Il n’a pas pris le soin non plus d’ajouter un titre sur la sobriété numérique au moment où l’empreinte environnementale du numérique pourrait passer de 2,5% à 7% des émissions de gaz à effet de serre en France d’ici 2030, que la consommation d’électricité va exploser dans les années à venir et que les datacenter sont toujours plus énergivores. Après le texte industrie verte qui n’avait de vert que le nom, voilà un nouveau projet qui trahit complètement la promesse de Macron : « ce mandat sera écologique ou ne sera pas ».

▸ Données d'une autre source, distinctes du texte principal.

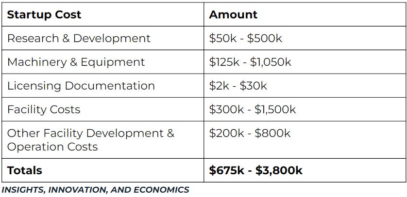 Facility costs generally range from $300k - $1,500k, including the costs for molds, dyes, punches, capital equipment, raw materials, and other necessary items for the manufacturing process.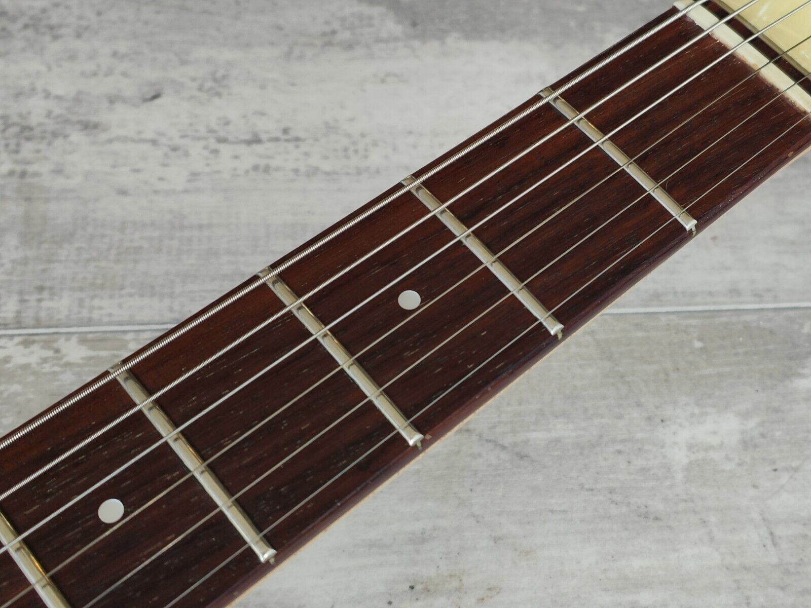 Lightly used condition as pictured, very clean for a 40+ year old guitar with some light cosmetic bumps and scuffs on the body and some basic play wear to the frets, restrung and given a basic professional service prior to listing. Truss works well and the frets were polished, pots were flushed and lubed and the jack was cleaned.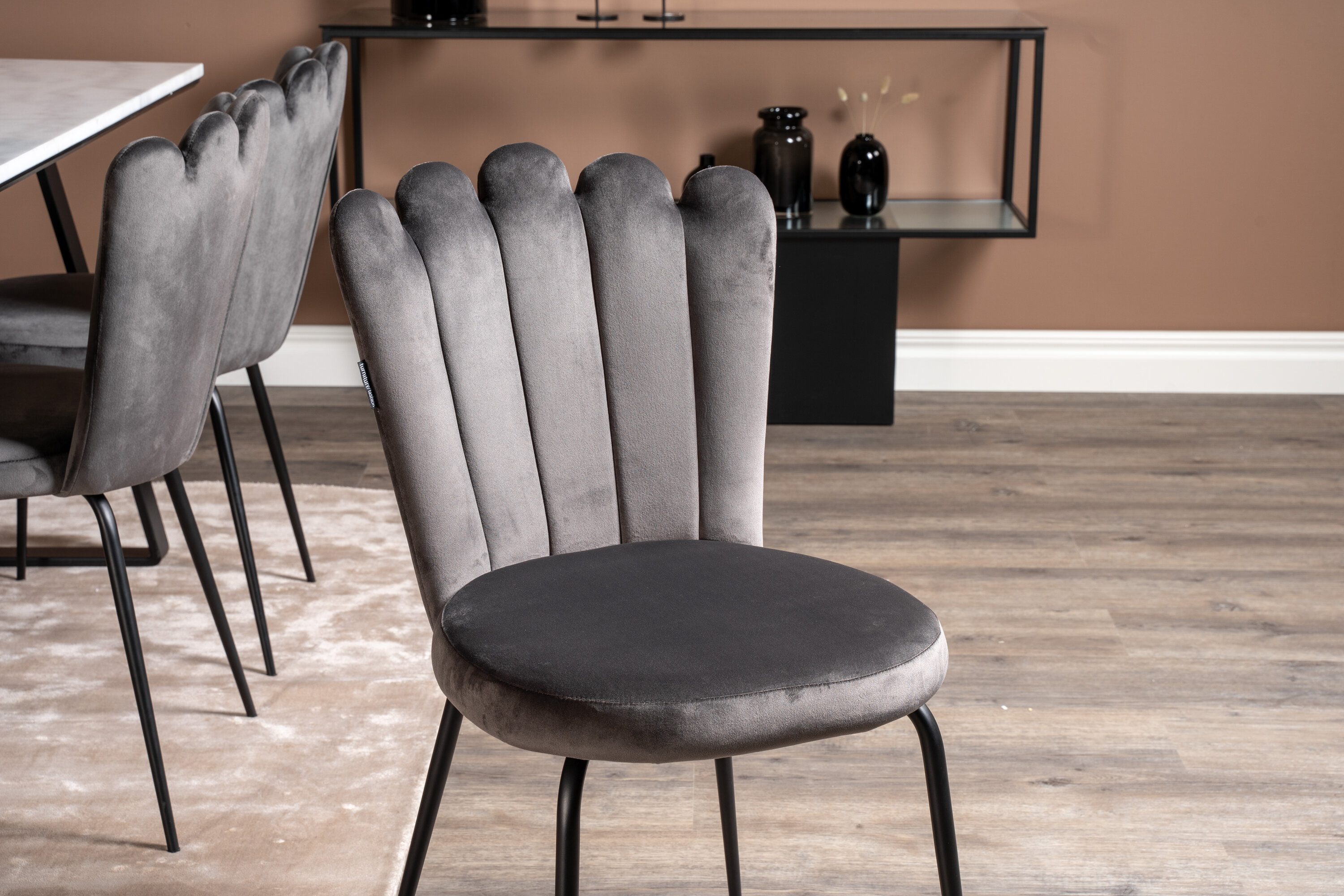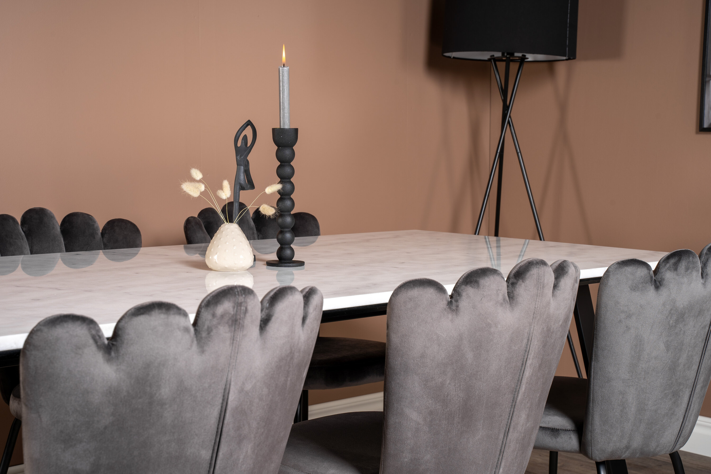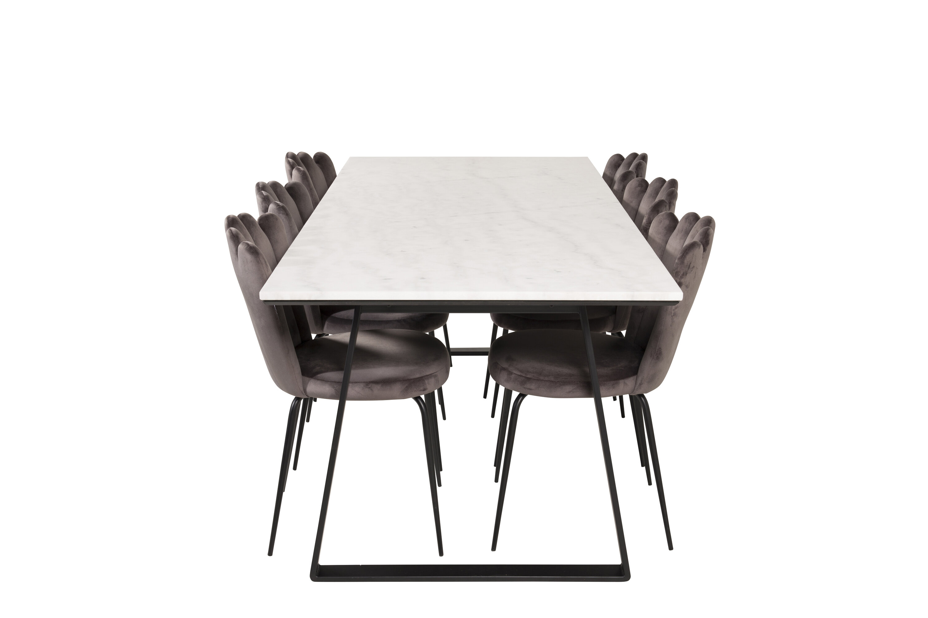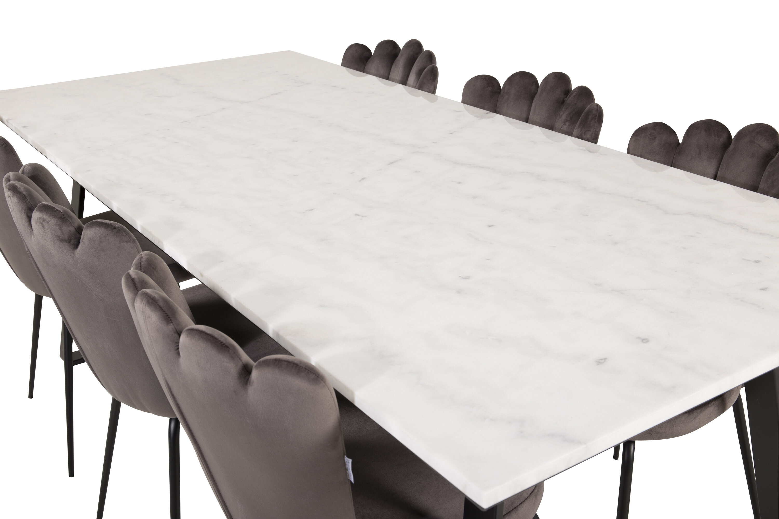 Der elegante Marmortisch der Serie Estelle wird hier mit komfortablen Esszimmerstühlen Limhamn kombiniert. Eine Lebensmittelgruppe, die Luxus vermittelt, der in die meisten Haushalte passt!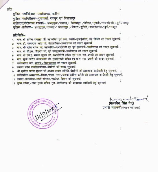 16 से 18 सितंबर: वोट चोर गद्दी छोड़ो अभियान के अंतर्गत विभिन्न स्थानों पर तैयारियों का निरीक्षण एवं जनसभाओं में भागीदारी। 17 व 18 सितंबर: मुंगेली, बैकुंठपुर, राजनांदगांव, दुर्ग, भिलाई और मिलाई में पदयात्रा, सभा एवं मोटर साइकिल रैली का आयोजन। 19 सितंबर: रायपुर में स्थानीय कार्यक्रम में भाग लेने के उपरांत दिल्ली के लिए प्रस्थान। कांग्रेस पार्टी की यह व्यापक मुहिम आगामी विधानसभा चुनावों की रणनीति का हिस्सा मानी जा रही है। पार्टी नेतृत्व द्वारा इस अभियान को गांव-गांव तक पहुंचाने का लक्ष्य रखा गया है।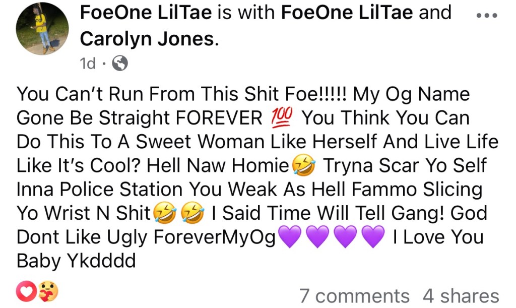“You can’t run from this shit, foe! You think you can do this to a sweet woman like herself and live life like it’s cool? Hell naw.”
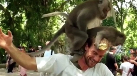 A tourist visiting a monkey sanctuary has learned the hard way never to work with animals after he was filmed when two horny primates started copulating furiously on top of man's head.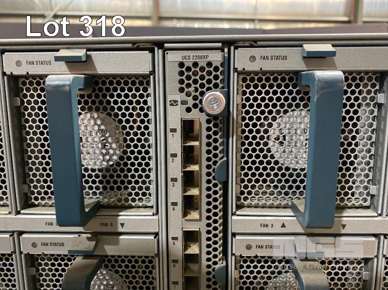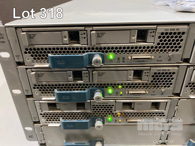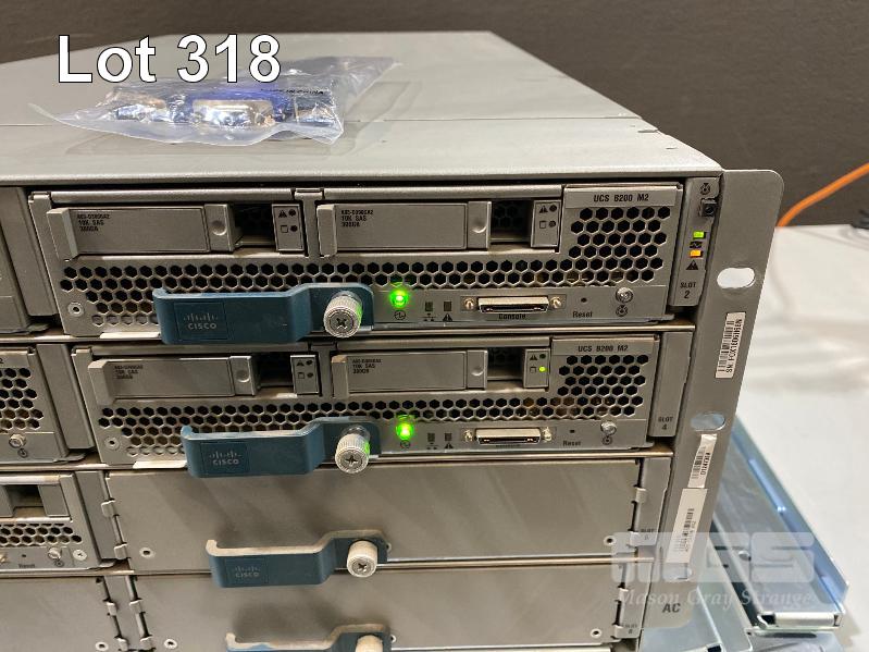 CISCO N20-C6508 V02 BLADE ENCLOSURE WITH 5 x CISCO BLADE SERVERS - CISCO UCS B200 M2, 2 x XEON E5620 @ 2.4GHz, 48GB ECC DDR3 RAM, 2 x 300GB SAS HDD - CISCO UCS B200 M2, 2 x XEON X5650 @ 2.67GHz, 48GB ECC DDR3 RAM, 2 x 300GB SAS HDD - CISCO UCS B200 M2, 2 x XEON E5620 @ 2.4GHz, 48GB ECC DDR3 RAM, 2 x 300GB SAS HDD - CISCO UCS B200 M2, 2 x XEON X5650 @ 2.67GHz, 48GB ECC DDR3 RAM, 2 x 300GB SAS HDD - CISCO UCS B200 M3, 2 x XEON E5-2640 @ 2.5GHz, 48GB ECC DDR3 RAM, NO HDD WITH 2 x CISCO UCS 2208XP MODULES & RAILS (NO 15A POWER CABLES) S/N:FOX1606H68N

Le gouvernement se refuse également à garantir l’interopérabilité entre plateformes ou services numériques en nuage, et se soumettra au bon vouloir de la commission européenne concernant la régulation des crédits de cloud, qui reste très timide dans le texte. Il en va pourtant de notre souveraineté numérique et de la préservation des données de nos collectivités, nos concitoyens et nos entreprises.
Face à ce constat, le groupe insoumis sera fortement mobilisé durant tout l’examen du texte en séance publique pour alerter sur les mesures à la fois inopérantes et liberticides du gouvernement et apporter ses propositions, moins simplistes et plus ancrées dans le réel.